- Interactive map of There Be Monsters

Restaurant information
- Established: July 2014
- Closed: 2024
- Food type: British
- Location: 1308 Southeast Morrison Street, Portland, Multnomah, Oregon, 97214, United States
- Coordinates: 45°31′02″N 122°39′09″W﻿ / ﻿45.5171°N 122.6524°W
- Website: tbmpdx.com

= There Be Monsters =

Defunct bar and restaurant in Portland, Oregon, U.S.

There Be Monsters was a British-themed bar and restaurant in Portland, Oregon, United States. Operating in southeast Portland's Buckman neighborhood from 2014 to 2024, the bar served British cuisine and had games such as shuffleboard.

== Description ==
Ben Waterhouse of The Oregonian described There Be Monsters as a "laid-back, loosely British-themed bar" on Morrison Street in southeast Portland's Buckman neighborhood. Waterhouse wrote, "The bar is a cool, dim space, decorated with maps, tapestries, antique knicknacks and an oversized mustache outlined in lightbulbs. The music is chill, the seating is comfortable, and the enormous shuffleboard -- a holdover from previous tenants Havana West and Hal's -- offers plenty of entertainment." There Be Monsters had distressed walls, shuffleboard, sidewalk seating, and a covered patio.

The menu included sausage rolls, steak-and-Stilton pasties, and ale-battered fish and chips, chicken tikka masala, salmagundi, curried cauliflower, and yogurt raita. The happy hour menu included the Hal's Happy Beef Burger. The drink menu included beer and cocktails. The signature drink was the Hemingway daiquiri, which was made with Maraschino.

== History ==
The bar opened in July 2014, in the space that previously housed Hal's Tavern. There Be Monsters closed on May 4, 2024. An announcement on social media said, "Almost ten years ago we opened the doors to There Be Monsters —we really had no idea how it would go. It turns out that for the longest time it went great. We had (and still have) the best damn crew, a great product, and the best customers any establishment could ever ask for. We had it all and It felt great to be a part of the community we served. But, all parties must eventually come to an end and so, with sadness, we must announce that There Be Monsters is closing forever."

== Reception ==
The Oregonian included There Be Monsters in a 2014 list of Portland's ten best bars for games. Waterhouse wrote, "Both of Hal's successors chose to keep the old joint's shuffleboard table, and thank goodness for that: this beauty dates to the late 1940s, and though it's been stripped of its electric scoreboard -- a concession to aesthetics -- it's still given pride of place, with gorgeous spot lighting. There Be Monsters is likely your best bet for an informal tournament. If you get tired of playing, grab a cocktail and head for the covered patio out back." He also described the clientele as "a Gen X-er in a snap front plaid shirt with the outline of Oregon tatooed on his forearm".

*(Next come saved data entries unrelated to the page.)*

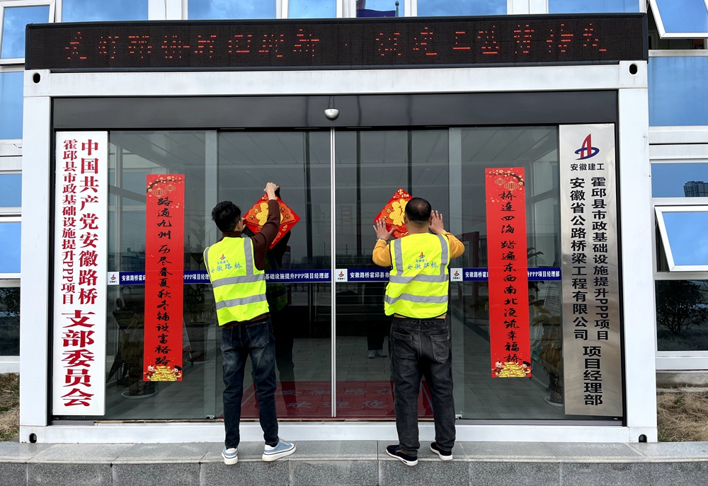 春節(jié)期間,霍邱縣市政基礎(chǔ)設(shè)施提升PPP項(xiàng)目值守人員與工友為項(xiàng)目門(mén)窗貼上春聯(lián)、福字,大家一起準(zhǔn)備了年夜飯,共度佳節(jié),感受別樣的家的溫暖。
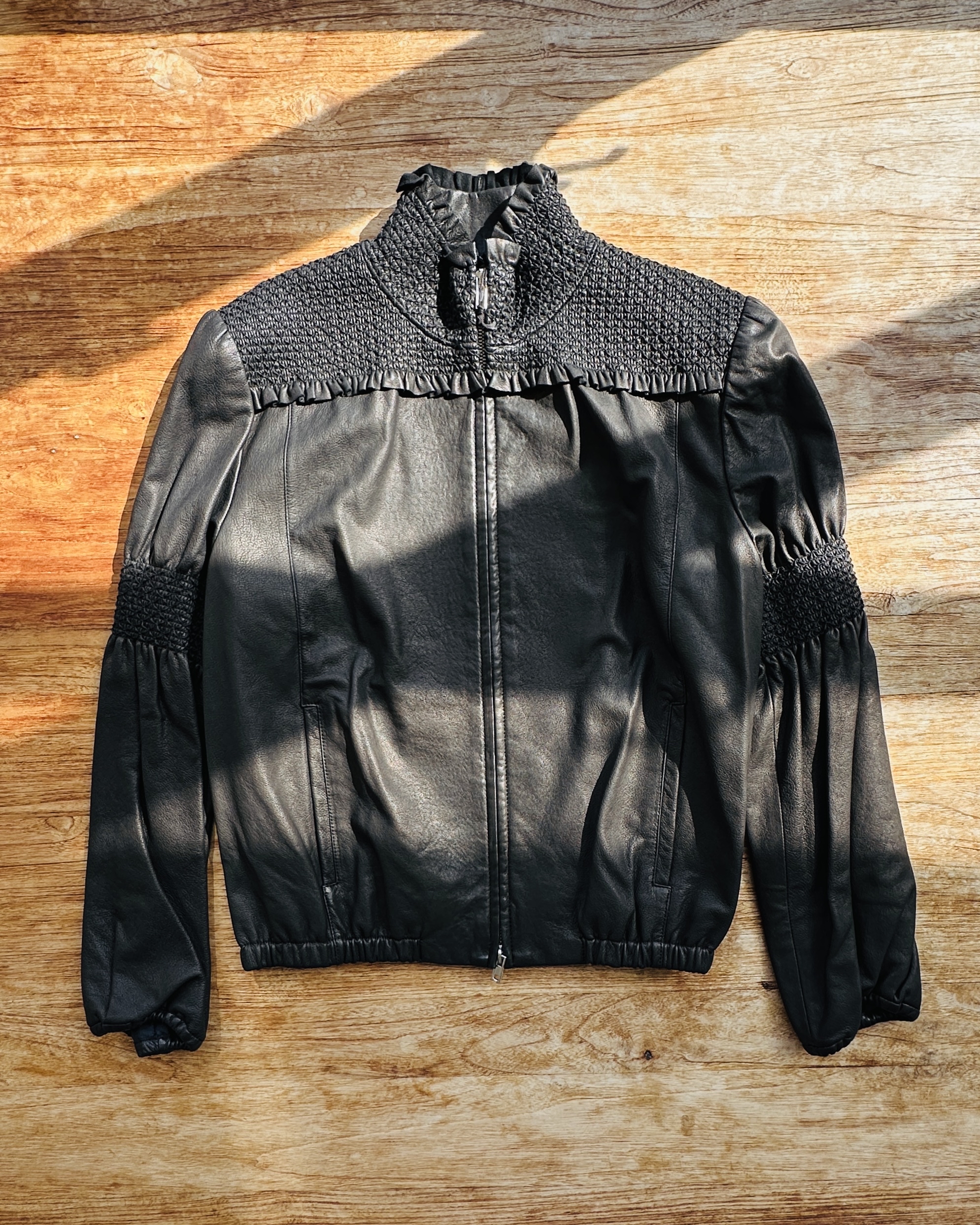 呢位美魔女好黐線🪭!明明2010出世,但骨膠原身形髮量體能全部停留喺15年前,皮褸保持到咁嘅狀態真心離譜🤸🏻♀️。喂你望吓佢個cut同細節靚到!條領呀!仲有對袖先攞命🦥 價錢:HK$2,500 品牌:miu miu 尺碼:IT 42 / M 尺寸:39cm (肩)|92cm (胸-zipped)|86cm (腰-zipped)|52cm (袖)|50cm (長) 註:全新未剪牌|wash label膠質老化黐咗少少落件衫嘅lining|100% lambskin|意大利製 *二手產品難達全新狀態,耗損或歲月痕跡屬正常情況,較明顯/嚴重嘅問題會標明或影底,敬請見諒。 *進入付款程序後,請於10分鐘內完成付款,否則絲統會自動取消訂單。 逢星期四寄出|不設退換或退款|順豐運費到付|只寄香港不寄海外
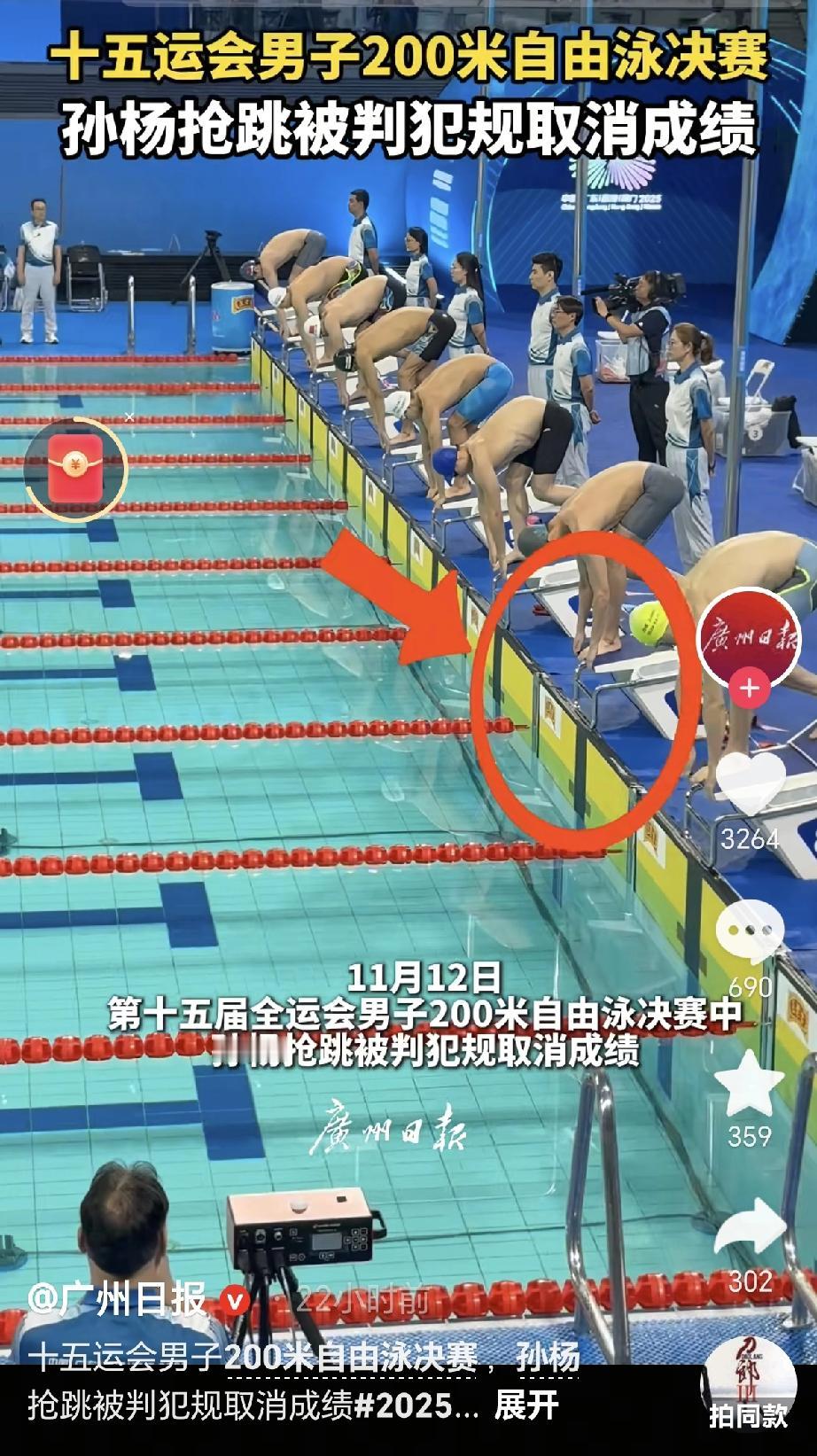 第十五届全运会游泳比赛上,孙杨这出意外可真是让大家没想到!在男子200米自由泳决赛里,他因为抢跳被取消了成绩,最后只排到了第八名。作为泳坛里的传奇人物,这难得一见的失误,让不少观众都觉得挺突然的。 赛后采访的时候,孙杨没找任何理由,就说:"抢跳一下子把状态打乱了,但没关系,调整好心态准备后面的集体项目。"就这么一句实在话,特别有老运动员的样子。要知道这可是他复出之后的关键比赛,能这么平静地接受失误,真挺不容易的。 有现场观众录下的视频能看到,孙杨知道成绩被取消时,只是轻轻摇了摇头,没多说什么,马上就给旁边的队友鼓了鼓掌。这种运动员该有的样子,比拿金牌还让人佩服。有网友就说:"这才是我们认识的孙杨!" 从之前的一些风波到现在回到全运会赛场,孙杨的每一步都让人特别关注。这次失误说不定就是个新开始,就像他说的,集体项目才是真正考验人的时候。你觉得这位泳池里的老将,还能不能再拼出好成绩呢?

In 2017, Willamette Week said, "The former Hal's Tavern has better beer now, and better food, and better liquor, and a sort of deco-pirate decor—but the shuffleboard table is forever." The newspaper's Heather Arndt Anderson included There Be Monsters in a 2017 overview of "where to eat and drink like a pirate in Portland". She wrote: "Why yes, Portland does want a British pub with an obliquely cartographic vibe. The haddock fish sandwich gives a Filet O' Fish a run for its money, or skip the bread and do the fish and chips, between these map-decorated walls."